DIRECTIONS | Everything from the line that holds "model in Los" through the end of the records below is to be transcribed exactly, except the pictures.
________________________
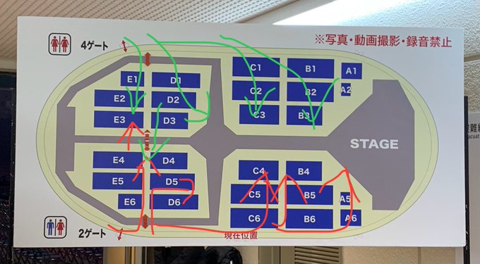 どう考えても後ろから前、前から後ろブロ出る+縦花横花割らずに上手のオタク半周させてるせいだろ通路狭いのに動線ぐっちゃぐちゃで圧死しかけたオタク被害者すぎる pic.twitter.com/06fwJkczEI
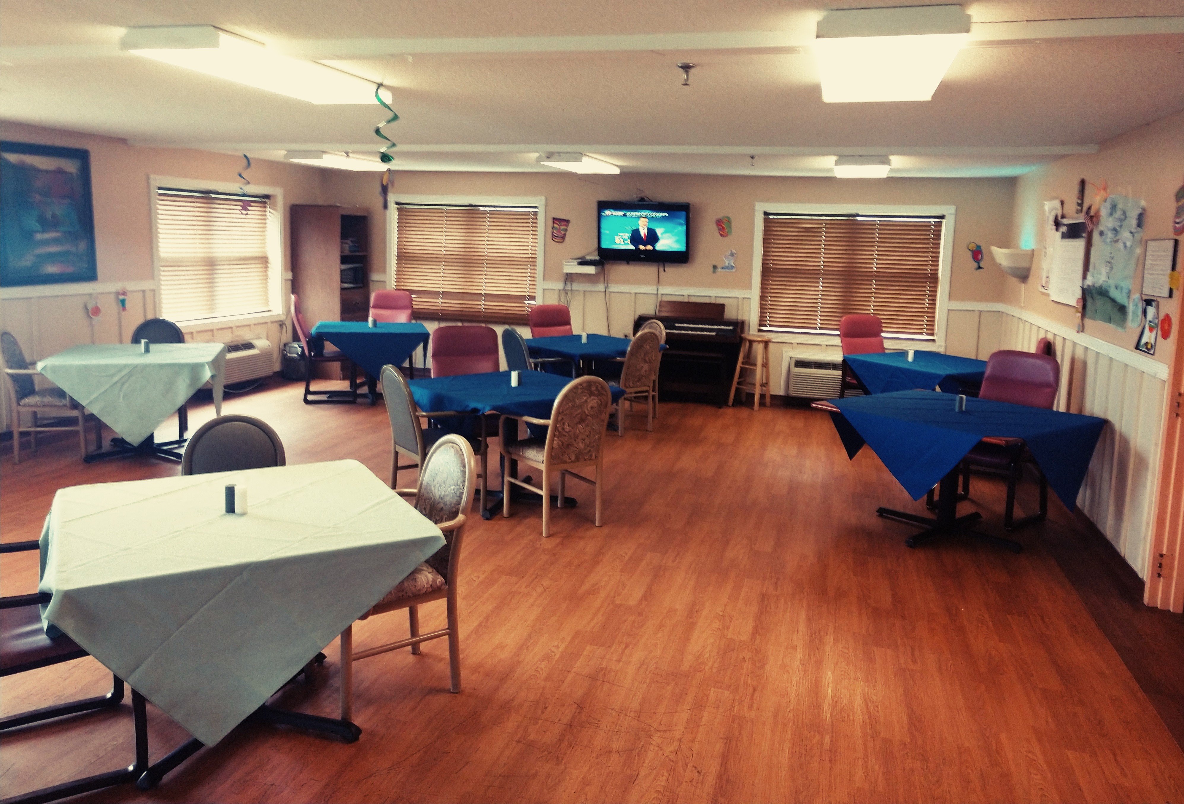 Meals are served in the dining room, food ordered from a menu. If you cannot find something you like on the menu, our cooks will listen to your preferences, and find something you can enjoy.
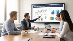 Spotkanie biznesowe z prezentacją wyników kampanii marketingowej na ekranie, uczestnicy analizują wykresy i dane
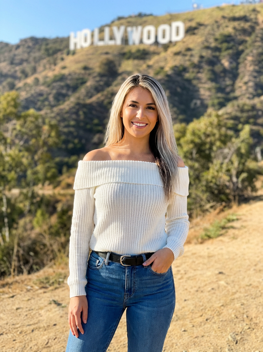 model in Los Angeles with the Hollywood sign in the background
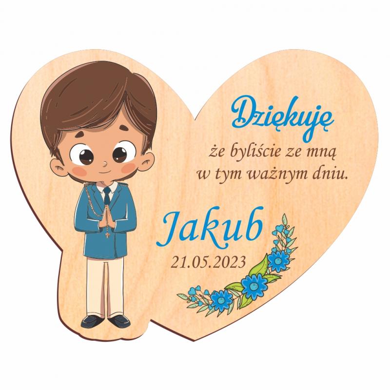 Podziękowanie dla gości komunii magnes z chłopcem i nadrukiem
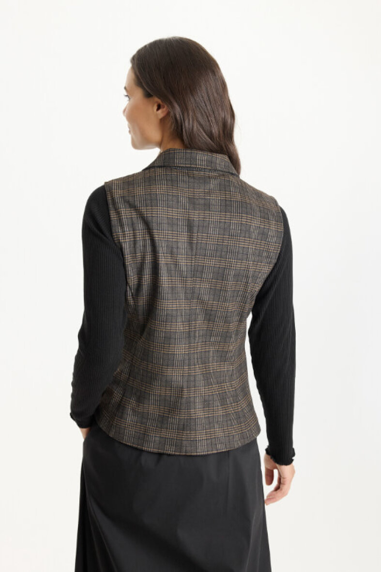 In Front vest i et flot ternet mønster i brune farver. Vesten er med et flot revers, ærmeløs og lukkes med én knap foran. Vesten er med buede kanter og er en anelse længere foran.
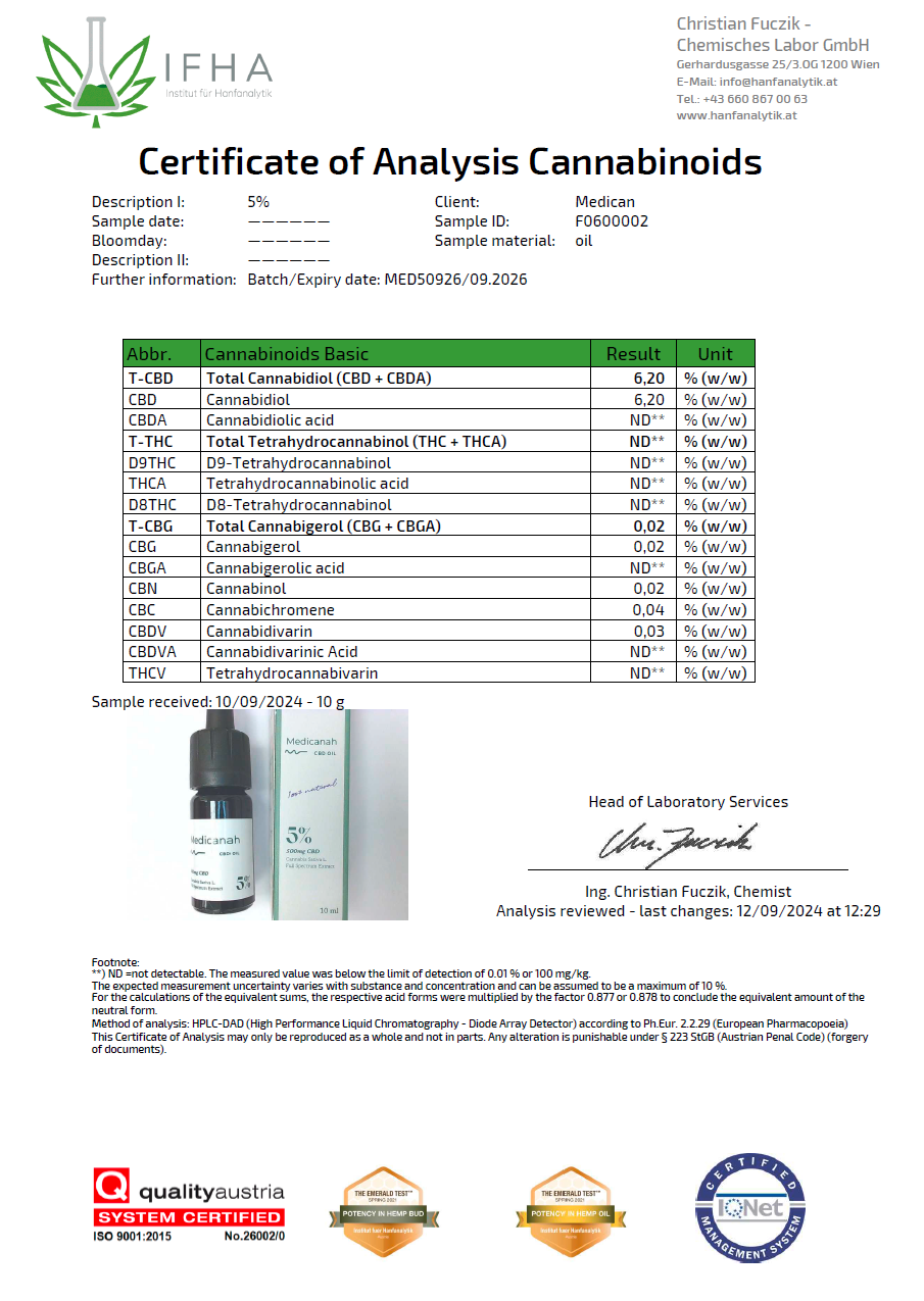 Uleiul Medicanah este produs in SUA din canepa certificata, cu teste independente pentru fiecare lot. Se controleaza totul de la semanare la extractie, pentru calitate sustenabila. La zonaverde.ro se aduc produse legale CBD in Romania.
________________________
WORKED SOLUTION |
 model in Los Angeles with the Hollywood sign in the background
 Podziękowanie dla gości komunii magnes z chłopcem i nadrukiem
 In Front vest i et flot ternet mønster i brune farver. Vesten er med et flot revers, ærmeløs og lukkes med én knap foran. Vesten er med buede kanter og er en anelse længere foran.
 Uleiul Medicanah este produs in SUA din canepa certificata, cu teste independente pentru fiecare lot. Se controleaza totul de la semanare la extractie, pentru calitate sustenabila. La zonaverde.ro se aduc produse legale CBD in Romania.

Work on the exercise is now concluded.